We hebben het gehad over de erg lage opkomst in heel Europa. Toch tonen de verkiezingen van vorige week één ding duidelijk. Ze wijzen op een groeiende polarisatie tussen de klassen. Ze wijzen er ook op dat de arbeiders van Europa de privatiseringen en besnoeiingen in de pensioenen beu zijn, alsook de groeiende werkloosheid en de algemene terugval van de levensstandaard. Alle regeringen in Europa, of het nu linkse of rechtse zijn, hebben exact hetzelfde beleid gevoerd.
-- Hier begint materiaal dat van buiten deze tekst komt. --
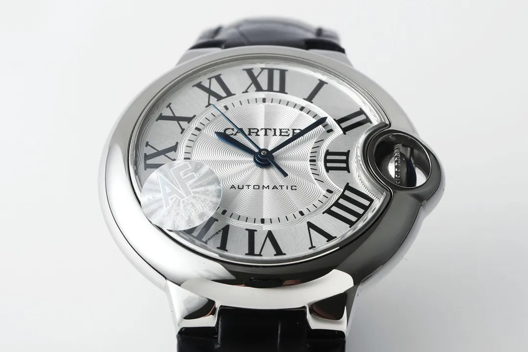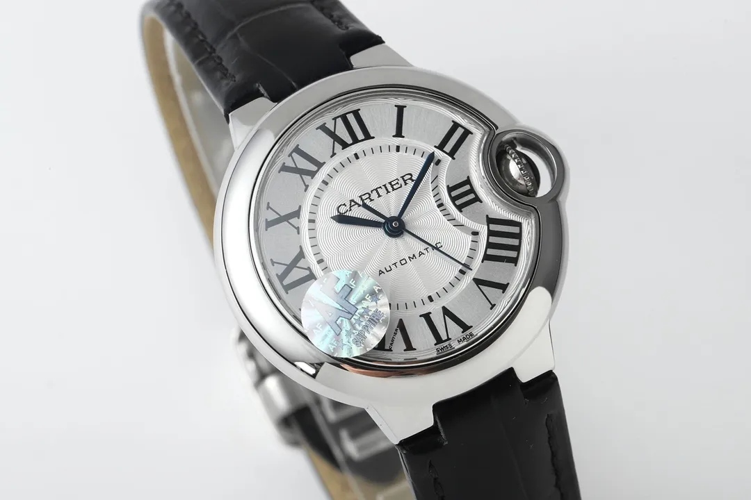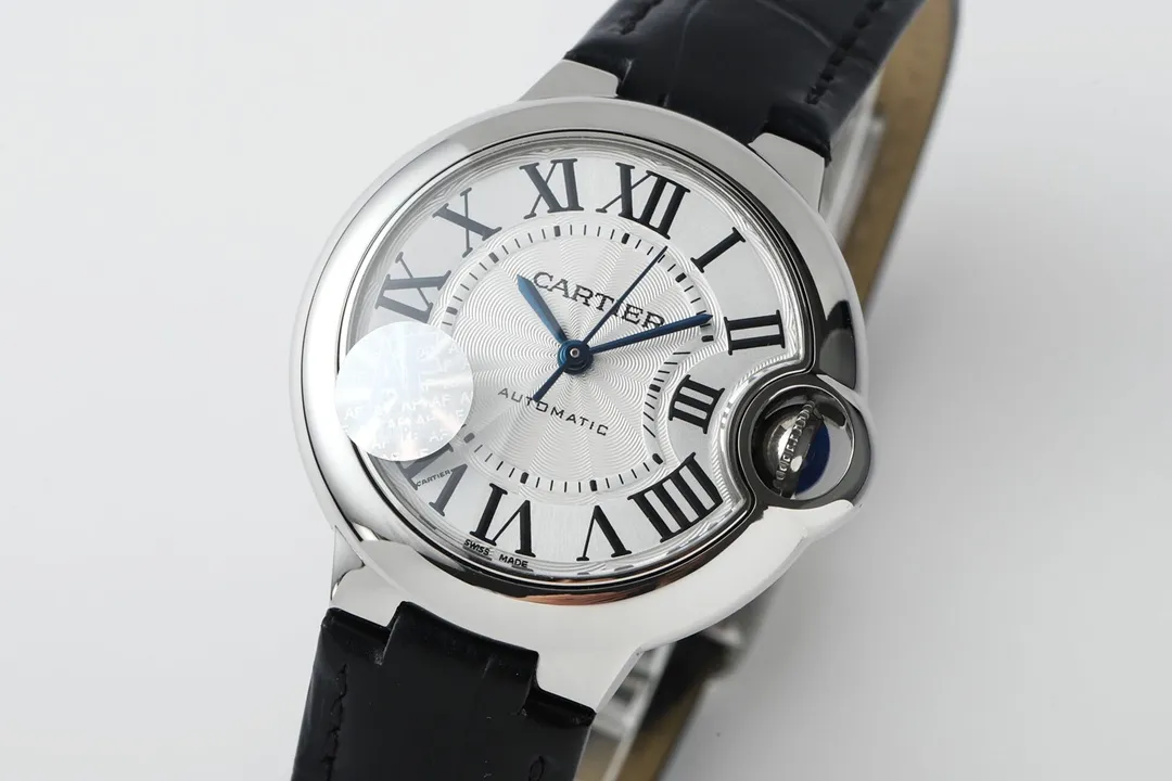 Cartier Ballon Bleu 33mm Silver White Leather — Premium 1:1 super clone. Case: Stainless steel case, silver-brushed or yellow gold PVD finish. Crystal: Genuine sapphire crystal with AR coating. Movement: Clone Cal. 1847 MC automatic. 12-month movement warranty. Free worldwide shipping on orders over $1,200.
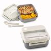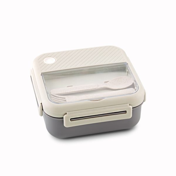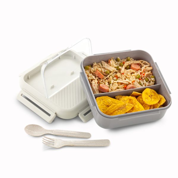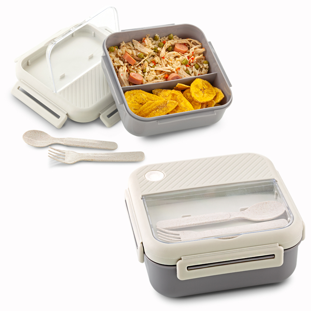 Portacomidas plástico con dos compartimientos. Incluye cuchara y tenedor.
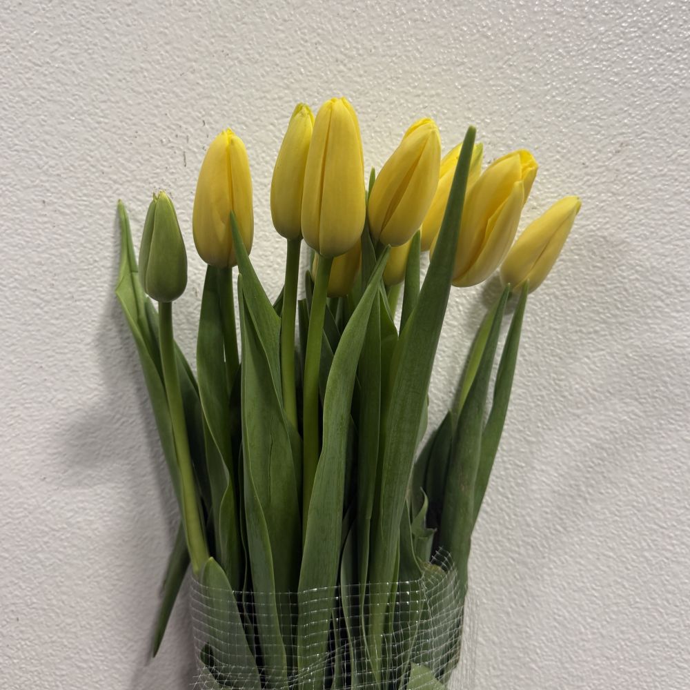 French yellow tulips are grown both in California and in Europe. French tulips have a larger flower head and longer stems than regular tulips. Stems are around 25″ long and they come in bunches of 10. Please order in advance.

De massa’s van Europa hebben tegen deze maatregelen gestemd!

Een nieuwe draai in Oost-Europa

Zoals gezegd is de algemene tendens er een van zware verliezen voor de regeringspartijen. Dit was duidelijk het geval in Oost-Europa, waar de partijen die verantwoordelijk waren voor de toetreding tot de EU, zware verliezen geleden hebben. In Polen kregen de sociaal-democraten amper 9,34 procent van de stemmen! In Tsjechië zagen de sociaal-democraten, die ook in de regering zaten, hun stemmen dalen tot 8,78 procent.
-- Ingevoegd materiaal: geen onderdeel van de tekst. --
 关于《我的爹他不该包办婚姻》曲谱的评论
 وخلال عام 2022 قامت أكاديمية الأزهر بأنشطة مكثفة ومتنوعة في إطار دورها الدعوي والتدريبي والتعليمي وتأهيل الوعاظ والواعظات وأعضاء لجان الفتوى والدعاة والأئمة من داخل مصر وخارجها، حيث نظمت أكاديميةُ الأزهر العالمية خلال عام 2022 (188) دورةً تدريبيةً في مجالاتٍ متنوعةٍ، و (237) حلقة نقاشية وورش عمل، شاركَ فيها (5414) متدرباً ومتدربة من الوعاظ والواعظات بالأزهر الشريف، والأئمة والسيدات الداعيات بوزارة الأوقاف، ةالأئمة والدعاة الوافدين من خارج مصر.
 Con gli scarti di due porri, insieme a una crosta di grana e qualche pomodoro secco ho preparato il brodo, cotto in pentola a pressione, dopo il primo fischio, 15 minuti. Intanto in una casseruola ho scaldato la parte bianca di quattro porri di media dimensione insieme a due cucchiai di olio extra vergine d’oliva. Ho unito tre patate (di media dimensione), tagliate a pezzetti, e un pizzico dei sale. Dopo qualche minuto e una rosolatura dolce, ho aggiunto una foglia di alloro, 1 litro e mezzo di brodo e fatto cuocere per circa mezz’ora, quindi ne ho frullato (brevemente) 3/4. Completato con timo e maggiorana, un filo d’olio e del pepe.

Een ander opvallend fenomeen was in sommige landen de opkomst van partijen die een duidelijk standpunt innamen tegen de EU. De Britse UKIP (United Kingdom Independence Party) is een van de voor de hand liggende voorbeelden. Dit verschijnsel dook ook op in Tsjechië en weerspiegelde zich in het succes van de Communistische Partij, die 20,6 procent behaalde. Het succes van de KP weerspiegelt de anti-EU-stemming in dit land dat amper zeven weken geleden toetrad, maar het duidt ook op een zwenking naar links. Het idee van ‘het communisme’ is dus verre van dood, zoals de westerse media ons zouden willen doen geloven. Jammer genoeg schonk de Tsjechische KP meer aandacht aan haar retoriek tegen de EU dan aan een klassenstandpunt. In plaats van een echt internationalistisch alternatief op de EU naar voren te brengen, vielen ze terug op de oude nationalistische tradities van de stalinisten. Dit ging ook gepaard met een samenwerking met hun eigen lokale burgerij. In de recente presidentsverkiezingen was de steun van de partij doorslaggevend voor de overwinning van Vaklav Klaus, een rechtse bourgeois!
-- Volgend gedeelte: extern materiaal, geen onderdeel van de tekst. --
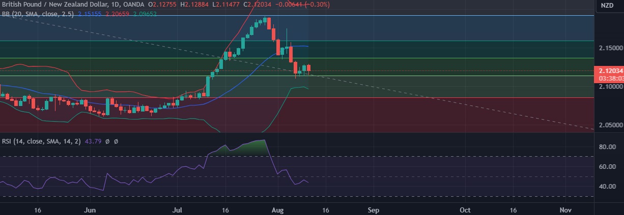 • Immediate support is seen at 2.1136(38.2%fib) and break below could take the pair towards 2.0963 (Lower BB).
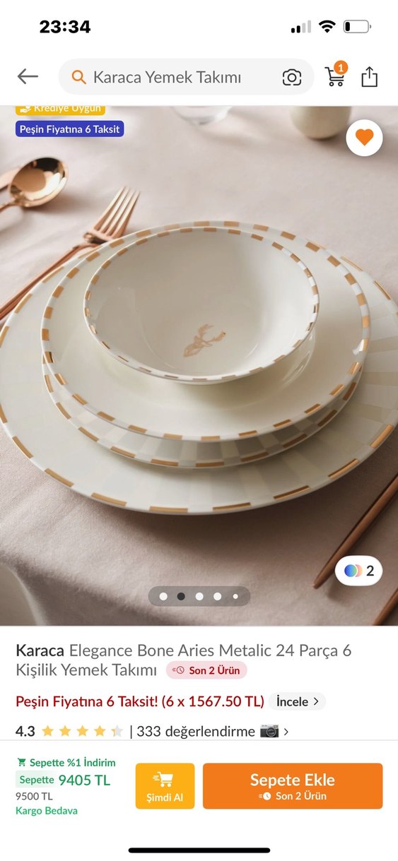 Karaca Elegance Bone Aries metalik detaylı, 6 kişilik 24 parçadan oluşan yemek takımıdır. Açık beyaz tonu sofranıza zarafet katar. ️ 2 aylık evliyim farklı bir takım hediye geldiği için bunu satıyorum yepyeni pazarlık payı vardır
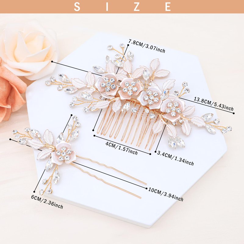 - Size: For the comb Width Approx 15cm/ 6inch Height Approx 8cm/ 3inch; For the hair pin Length Approx 10cm/ 3.5inch Width Approx 5cm/ 2inch
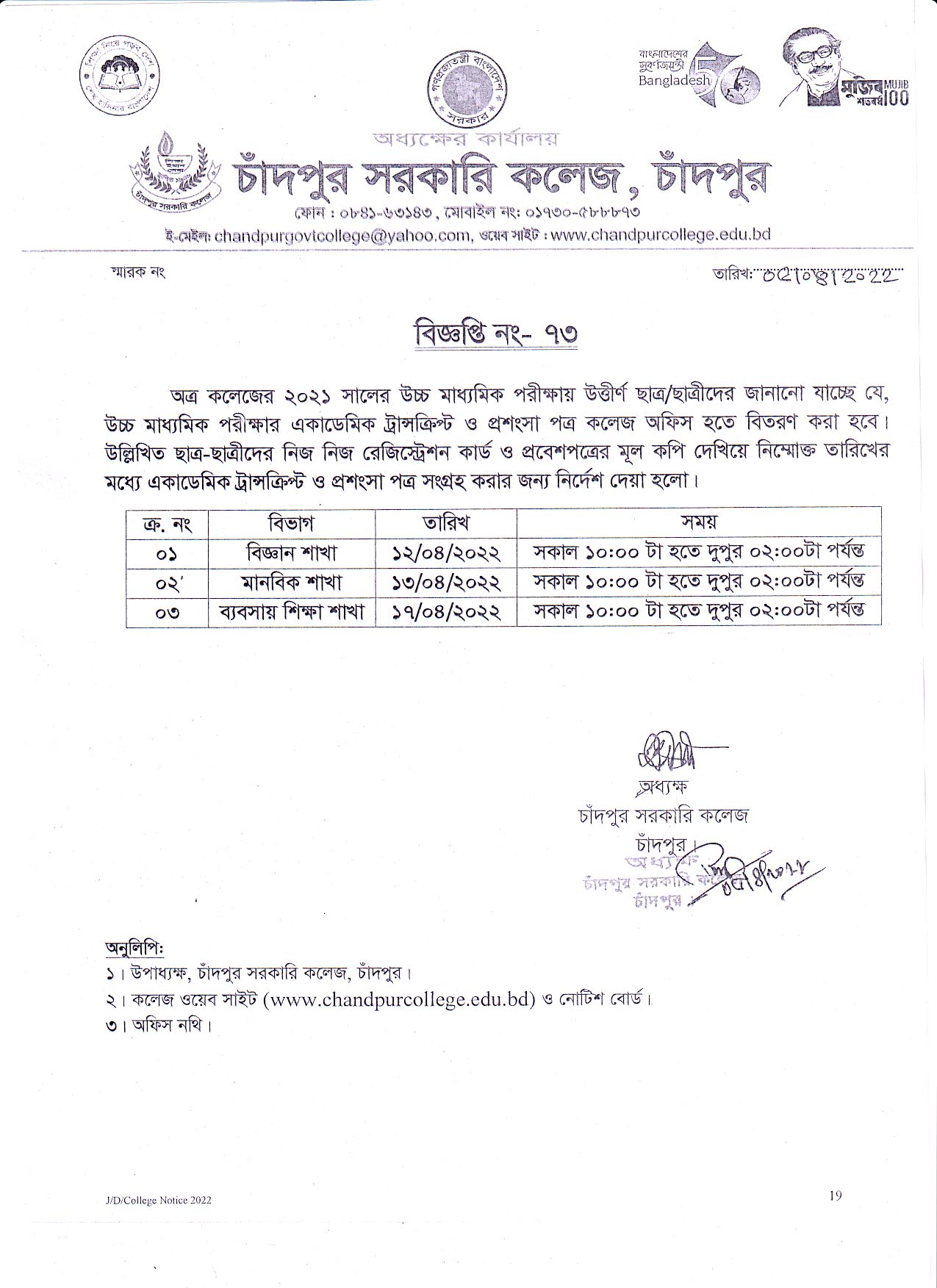 ২০২১ সালের উচ্চমাধ্যমিক পরীক্ষায় উত্তীর্ণ শিক্ষার্থীদের একাডেমিক ট্রন্সক্রিপ্ট ও প্রশংসাপত্র বিতরণ সংক্রান্ত বিজ্ঞপ্তি nno.jpg245.59 KB Download 90 Version File Count 1 Create Date 5 April, 2022 Last Updated 5 April, 2022 CGC Admin2022-04-05T15:43:31+06:00 Share On Social Media! FacebookXLinkedInWhatsAppPinterestEmail
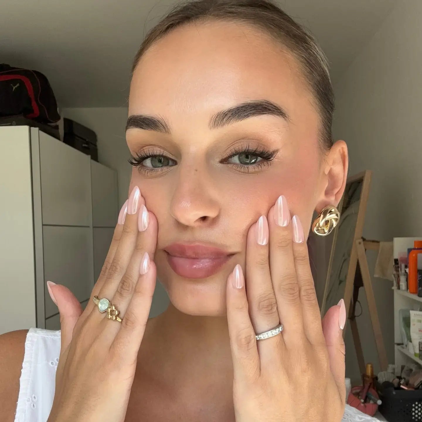 Introducing Angelface — the soft pink chrome nails everyone in LA is obsessed with. Inspired by the City of Angels itself, these short almond-shaped nails feature a smooth, glossy glaze that captures LA’s radiant, trendsetting vibe. Let your manicure glow with the dreamy, celestial shimmer of Angelface and channel the city’s effortlessly iconic style.

We zien dat grote lagen van de bevolking zich kanten tegen de EU. De tragedie is dat dit door de arbeiderspartijen in Europa niet gekanaliseerd wordt in een antikapitalistisch socialistisch standpunt. Zodoende spelen de linkse leiders in de kaart van de nationalisten en halen ze de vlag van de arbeidersbeweging door elkaar met die van onze vijand. Het is van levensbelang dat de arbeiderspartijen een duidelijk internationalistisch klassenalternatief naar voren schuiven en vechten tegen deze nationalistische tendensen. De oplossing voor de massa’s in Polen, Hongarije of zelfs Denemarken of Zweden is niet nationale afzondering, iets wat onmogelijk is in het hedendaagse kapitalisme. Echte socialisten en echte communisten kunnen het alternatief niet louter als voor of tegen de EU voorstellen.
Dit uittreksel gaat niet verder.